I have no idea why the amazingly flavorful “salsa genovese” (Genoa-style pasta sauce) with meat isn’t way more popular than it is. It’s quite simply one of the best pasta sauces you’ll ever taste, thanks to a very slow cooking process and massive amounts of onions.
Preparation Details
Prep Time: 30 mins
Cook Time: 9 hrs 25 mins
Total Time: 9 hrs 55 mins
Servings: 8
Ingredients
- 1 tablespoon olive oil
- 6 ounces pancetta or salt pork, diced
- 2 ½ pounds beef chuck
- 3 teaspoons kosher salt, divided
- ½ cup diced celery
- ½ cup diced carrots
- 1 teaspoon freshly ground black pepper
- ⅔ cup white wine
- 1 heaping tablespoon tomato paste
- 1 bay leaf
- 4 pounds yellow onions, sliced
- 2 pounds red onions, sliced
- 2 (16 ounce) boxes uncooked rigatoni
- 2 tablespoons freshly grated Parmigiano-Reggiano cheese
- 1 tablespoon chopped fresh marjoram leaves
- 1 pinch cayenne pepper
Steps
- Heat oil in a large pot over medium heat.
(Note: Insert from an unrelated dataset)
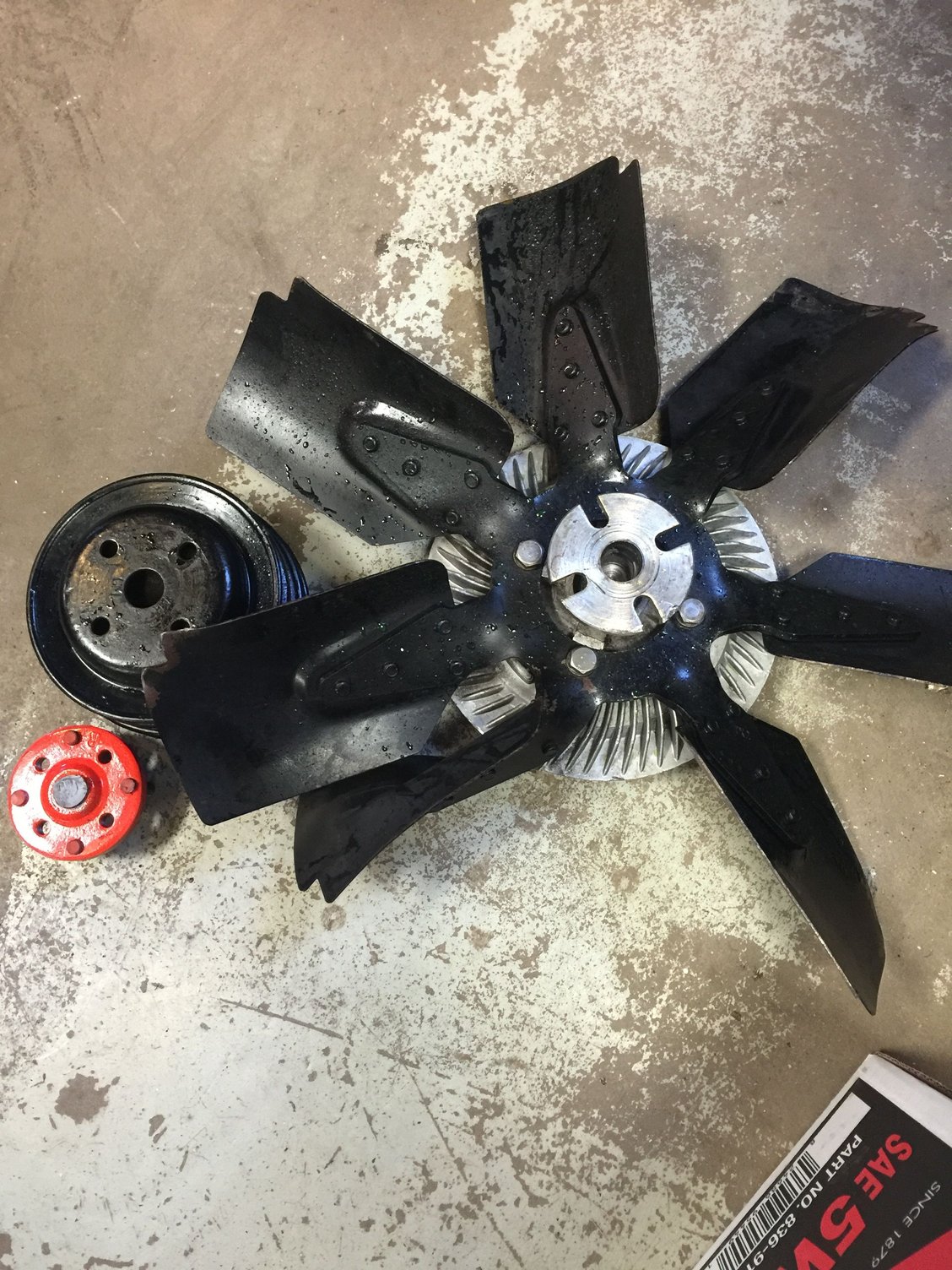I got a call from a friend this morning, not good news, I had my '74 in his garage for some cam & lifter work along with a new water pump and the news this morning was the shaft on the new water pump snapped and did more damage while it was at it, , bent the fan and clutch base in turn caused the fan to go into the radiator while breaking the shroud..

Add pancetta and cook until most of the fat is rendered, about 6 minutes. Transfer to a plate with a slotted spoon.
- Add beef chuck and 2 teaspoons salt to the pot. Increase the heat to high; cook and stir until browned and any liquid released begins to evaporate, 10 to 15 minutes.
- Reduce the heat to medium-high. Add cooked pancetta, celery, carrots, remaining 1 teaspoon salt, and pepper; cook and stir for 5 minutes. Add white wine, tomato paste, and bay leaf; cook and stir for 2 to 3 minutes, scraping up the drippings from the bottom of the pan.
- Add yellow and red onions. Reduce the heat to medium, cover, and cook for 30 minutes without stirring. After 30 minutes, stir onions and meat until well mixed. Cover again and cook for 30 more minutes.
- Stir, then reduce the heat to low. Keep uncovered and cook, occasionally stirring and skimming off any fat, until beef and onions seem to melt into each other, 8 to 10 hours. If the sauce is reducing too much, add water or broth as needed to maintain a sauce-like consistency.
- When the sauce is almost finished, bring a large pot of lightly salted water to a boil. Cook rigatoni in the boiling water, stirring occasionally until just barely al dente, 10 to 12 minutes. Drain.
- Add rigatoni to the sauce and cook until heated through. Garnish with Parmigiano-Reggiano cheese, marjoram, and cayenne.